Gegensteuern wollen Stadt und Bahn nun mit einer Modernisierung der Flotte und einem Ausbau der Leihstationen in weniger zentralen Stadtteilen.

Schon 2019 hatten SPD, Grüne und Linke im Koalitionsvertrag einen öffentlichen Fahrradverleih angekündigt und dies zu Beginn ihrer zweiten Amtszeit 2023 bekräftigt. Auf die BTAG dürfte das verunsichernd gewirkt haben: Droht da eine subventionierte Konkurrenz? Oder könnte „WK-Bike“ das System betreiben? Und wann kommt endlich die Ausschreibung? Diese Hängepartie könnte erklären, dass die BTAG ihren eigenen Verleih auf Verschleiß fuhr.

Dass die Stadt erst jetzt mit der Konzessionsvergabe beginnt, begründet ein Sprecher des Mobilitätsressorts mit „personellen und verfahrenstechnischen Gründen“. Noch bis zum 16. Juni läuft jetzt die europaweite Ausschreibung. Zum 1. Mai 2025 soll dann das neue System auf die Straße kommen: mit mindestens tausend Standardrädern und 40 Lastenrädern ohne E-Motor. 30 Prozent der Bikes sollen an festen Stationen stehen und 70 Prozent frei im Stadtgebiet verfügbar sein, zu „attraktiven Buchungspreisen“.

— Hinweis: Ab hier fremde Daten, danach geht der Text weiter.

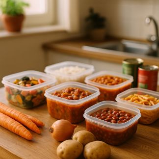 - Batch cooking thématique : Préparez, lors de votre session, les éléments d’un menu asiatique (riz sauté, légumes, sauce teriyaki), italien (sauce bolognaise, pâtes fraîches, portion de légumes grillés), ou dîner express (quiche, soupe, salade cuite).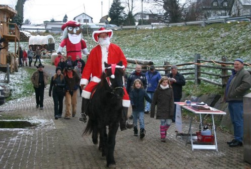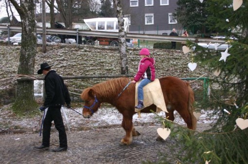 Der große Weihnachtsbaum wurde in diesem Jahr von Kindern aus dem Kindergarten Oberholzklau geschmückt, auf die im Anschluss zahlreiche Attraktionen warteten, wie Pony-Reiten oder das Brennen eines eigenen Brandzeichens. Letztetres durften die kleinen Besucher dann auch gleich auf einem Holzbrettchen mit nach Hause nehmen.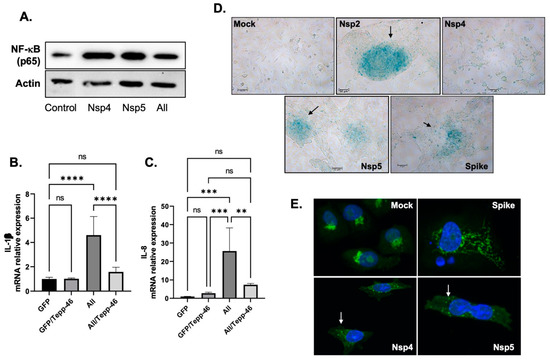 Persistence of Inflammation. (A). Expression of p65 subunit of NF-kB proteins isolated from untreated or BEAS-2B transfected as indicated by Western blot analysis. (B,C). mRNA expression of IL-1β and IL-8 as obtained by qPCR using BEAS-2B transfected then treated with 10 nM of Tepp-46 as indicated. Results were judged statistically significant by ANOVA (ns = not significant; ** p < 0.01; *** p < 0.001; **** p < 0.0001). (D), Nsp2, Nsp4 (modest), Nsp5, and the Spike proteins promote senescence in BEAS-2B as obtained using β-gal assay compared to the Mock untransfected control. (E). The addition of Nsp4 and NNsp5 to BEAS-2B causes a strong Golgi apparatus fragmentation compared to the Mock or the spike alone.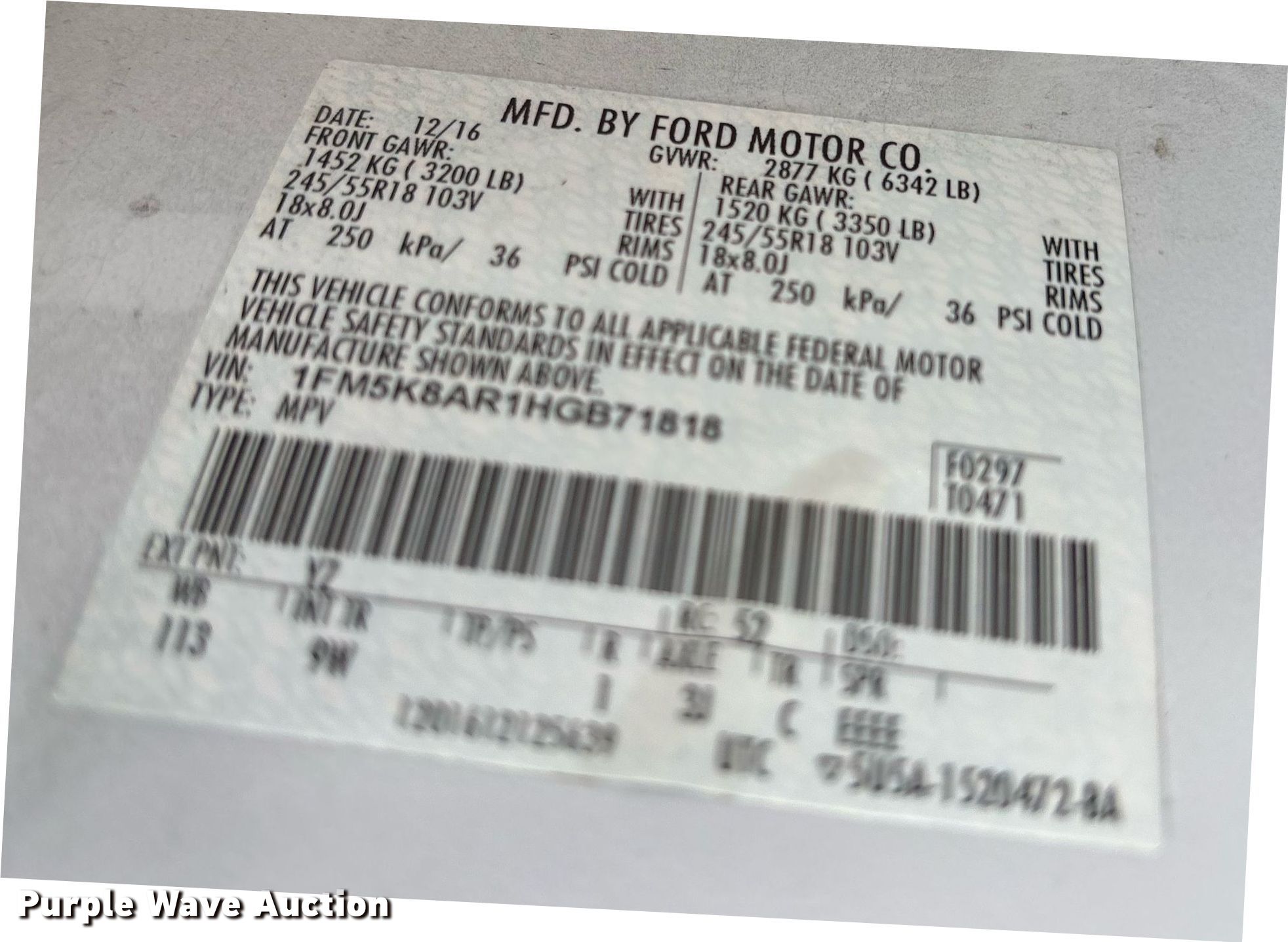• VIN: 1FM5K8AR1HGB71818

Als Anschubfinanzierung stellt die Stadt Bremen 5,55 Millionen Euro bereit, vor allem für die Anschaffung der Räder und den Aufbau der Stationen, aber auch als Zuschuss zu den Betriebskosten. Dazu gehört auch, dass keine Station länger als zwölf Stunden verwaist sein darf – ein Service, von dem die „WK-Bike“-Nutzer*innen derzeit nur träumen können.